Bridging Disciplinary Boundaries (January 11 - 14, 2007) |
Method: Data were drawn from 11,397 convicted drinking-drivers who completed the RIASI between 1996 and 2005. Participants were older than 18 and participated in a voluntary seven-week, 16 hour educational program (DDP). The mean age of the sample was 35.5 (SD=11.96) with the majority being male (79%). The RIASI is scored using dichotomous items, reflecting risk and no risk. For this paper, the sample was randomly split in half, with one half used for construction and the second for validation purposes. The exploratory factor analysis used a maximum likelihood method of extraction with a varimax rotation procedure. Confirmatory Factor Analyses (Mplus version 4, 2006) were used to test and validate the factor model.

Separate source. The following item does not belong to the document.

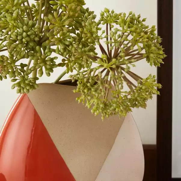 Featuring a modern, elegant design with an orange and pink colourway. This stunning Elements Sculpted Round Vase would make an elegant addition to your home décor. Beautifully crafted from stoneware with a wax resist, shiny and matt finish to create a stunning effect.

Results Six factors were extracted from the exploratory factor analysis, accounting for 32.5% of the variance. The final model included 41 items that significantly contributed to the final solution. The factors represented are: Psychiatric Distress (14 items, 14% of variance); Drinking Practices (6 items, 5% of variance); Preoccupation with Alcohol Use (8 items, 4% of variance); Sensation Seeking (6 items, 3.5% of variance); Deviance (5 items, 3% of variance); and Family History of Alcohol or Drug Problems (2 items, 3% of variance). Correlations among factors varied from .312 to .752. The fit for the initial model was adequate according to the CFI (.955), TLI (.951) and RMSEA (.028) but not the Chi-Square (4245.871, df=804). Replication in the second half of the sample also provided an adequate fit according to the CFI (.956), TLI (.953) and RMSEA (.027) but not the Chi-Square (4007.495, df=804).
Implications: Initial development of the RIASI involved domains pertaining to psychiatric distress, aggression/hostility, interpersonal incompetence, drinking practices, preoccupation with alcohol, family history for alcohol or drug problems, deviance, and sensation seeking. The results from this study show that many of the initial domains remain independent but others (aggression, interpersonal competence) appear to be encompassed by more general constructs (psychiatric distress). Implications for practice stem from the underlying constructs represented by the factors. High scores on the various factors may indicate potential areas where interventions need to be targeted. By channeling the individuals into appropriate interventions, alcohol-related crashes and fatality rates that may come from the future DUI should decrease. Future research needs to consider the relationship of these factors to relevant outcomes.